Cell Encapsulation with metal and/or polymer shells is a critical elongation of cellular functions. Encapsulating living cells plays a crucial role in the progression of cell surface engineering and biomedical applications such as tissue engineering, cell-based transplantation therapy, cell-based biosensors, and drug delivery [1, 2]. Moreover, encapsulating living cells could introduce an isolated and well-defined microenvironment mimicking the extracellular matrix of natural tissues to observe the modulation of cell function, the microenvironment interaction of the cell, food industries, and pharmaceutical applications [3, 4]. The hydrated polymers cross-linked hydrogels technique is considered a standard cell encapsulation process [5]. However, this technique has several limitations, such as short sustenance time, limited stability, and low permeability, limiting its practical application [6, 7]. Other methods including biothreading [8], assisted biojetting [9, 10], bio-electrospraying, and cell electrospinning [11, 12], use air pressure or electric field as a driving force. Until now, the layer-by-layer self-assembly technique is considered the most proper cell encapsulation strategy [13]. All these methods are complicated, time-consuming, and need a lot of effort and energy input.
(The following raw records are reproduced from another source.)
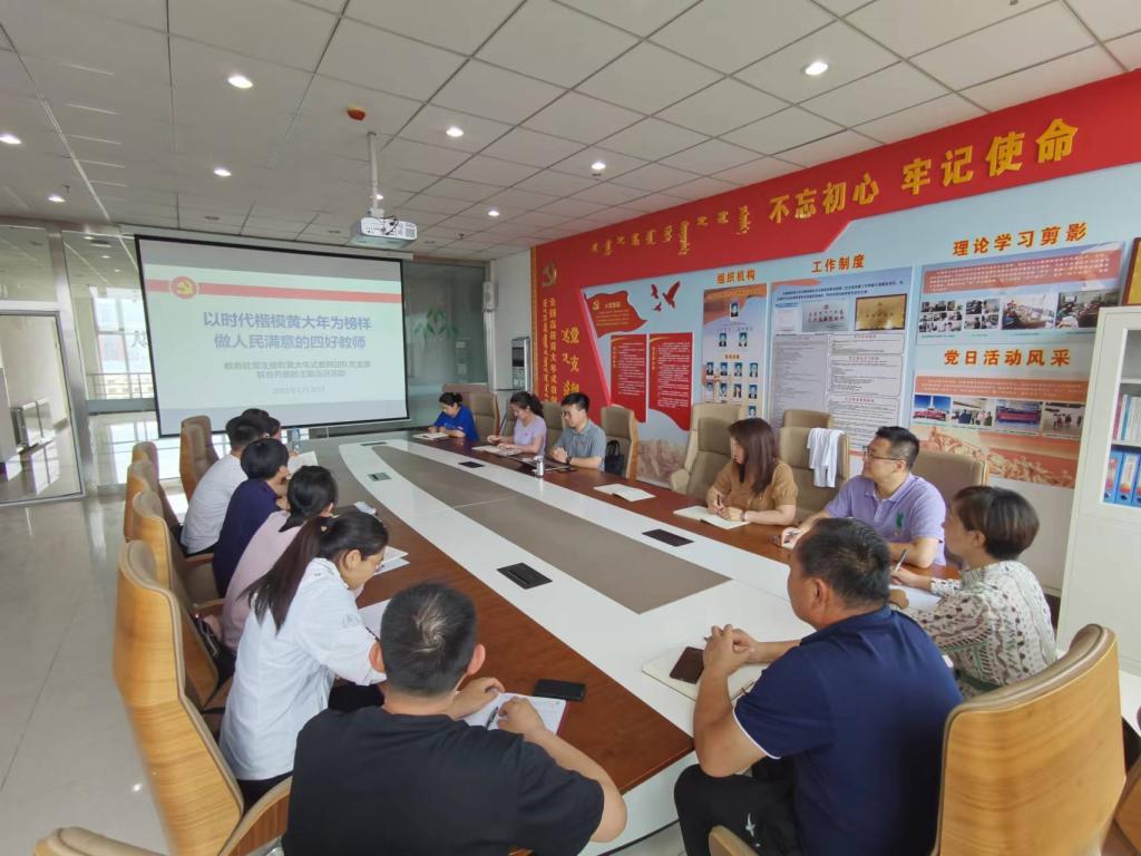 为庆祝建党101周年,6月30日下午,教务处党支部和黄大年式教师团队党支部在综合楼807室联合开展了“以时代楷模黄大年为榜样,做人民满意的四有好教师”主题党日活动。活动由beat365官网黄大年式教师团队执行负责人、教务处党支部书记额尔敦布和同志主持。
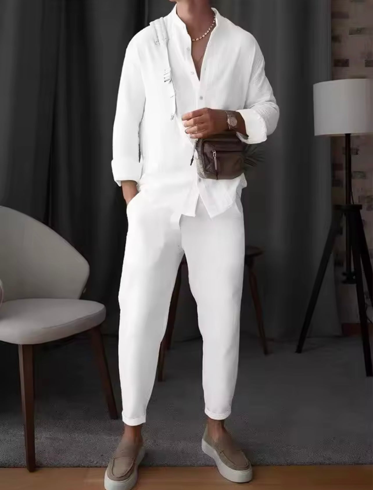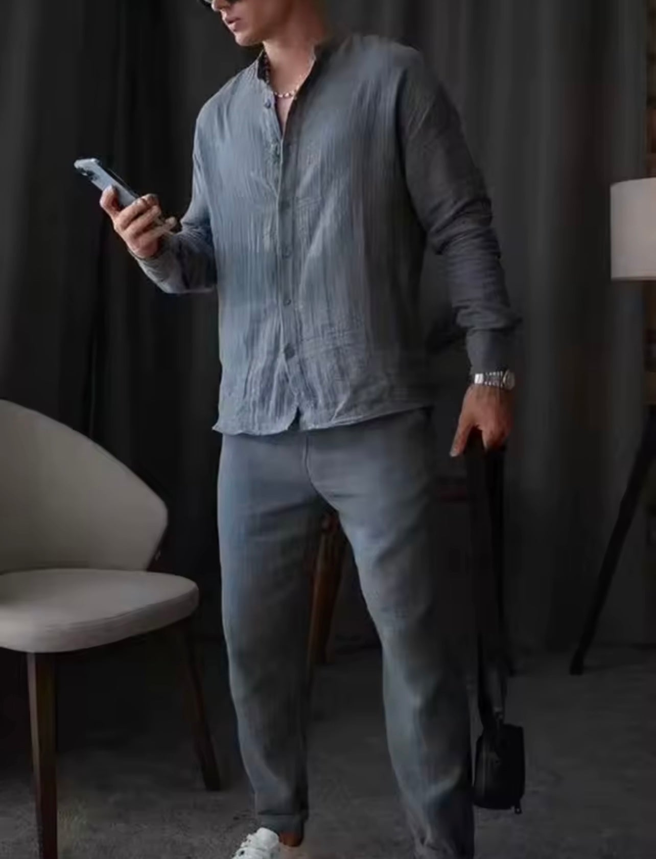 Das Set ist langärmlig geschnitten und mit Knöpfen verziert.. Es besteht aus Baumwolle und Leinen. Es passt perfekt zu jedem Look..
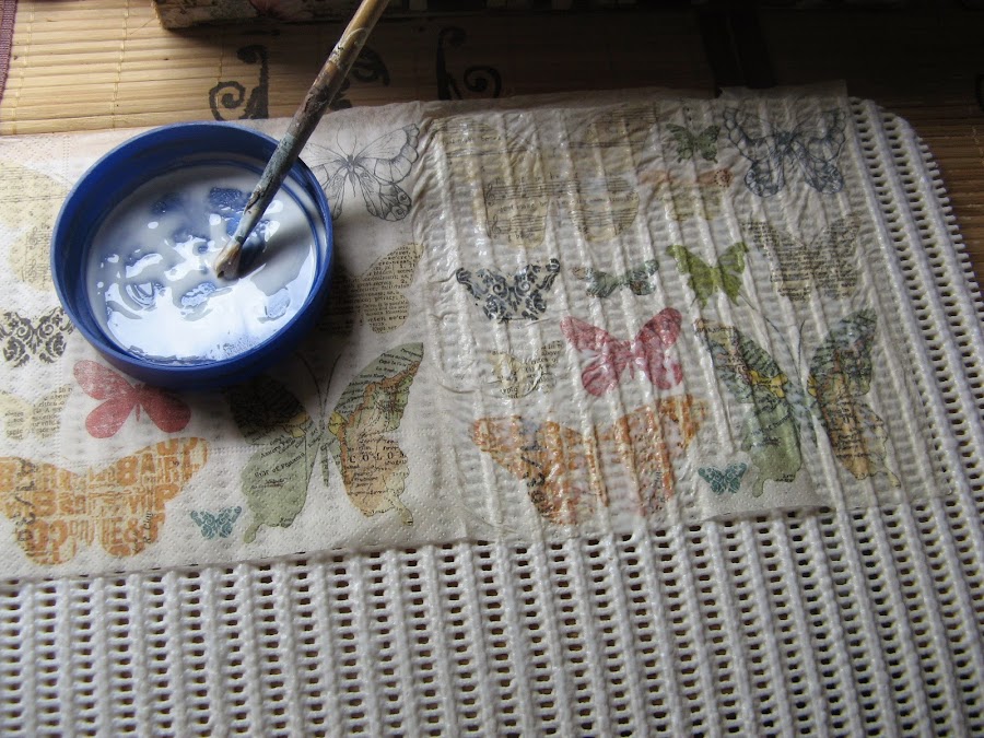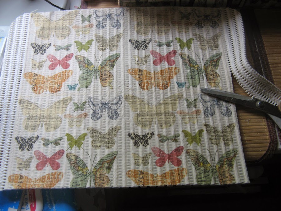 la servi no cubría la superficie entera asi que las dos tiras sin decoupage las corté

Several cell and tissue engineering techniques, i.e., cell patterning, gene transfer, tissue growth, viral transduction, have been applied to nanoparticles [14-18]. The electrical, mechanical, energy, and optical properties changed according to the type of the nanoparticles. The living cell can internalize the nanoparticles through the cell membrane [19, 20]. For example, iron oxide nanoparticles with polycations encapsulated bacteria Alcanivorax borkumensis with a magnetic nanocoating layer. The encapsulated bacteria cells fabricating live bacteria cells with magnetic properties [21].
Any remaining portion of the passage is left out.